* **What is needed**: Transcribe all of the data verbatim, please, and leave out its pictures.

* **Provided material**:
- - - - - - -
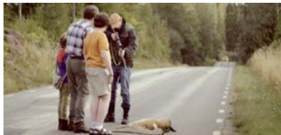
Ill. 4: A hunter prepares to shoot the injured deer
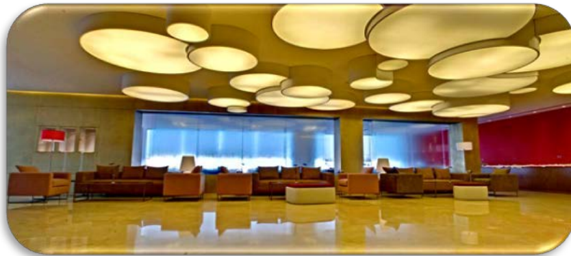
Free Internet in the Lobby
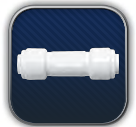
Inline Check Valve
- - - - - - -
* **Response to this task**:
Ill. 4: A hunter prepares to shoot the injured deer
Free Internet in the Lobby
Inline Check Valve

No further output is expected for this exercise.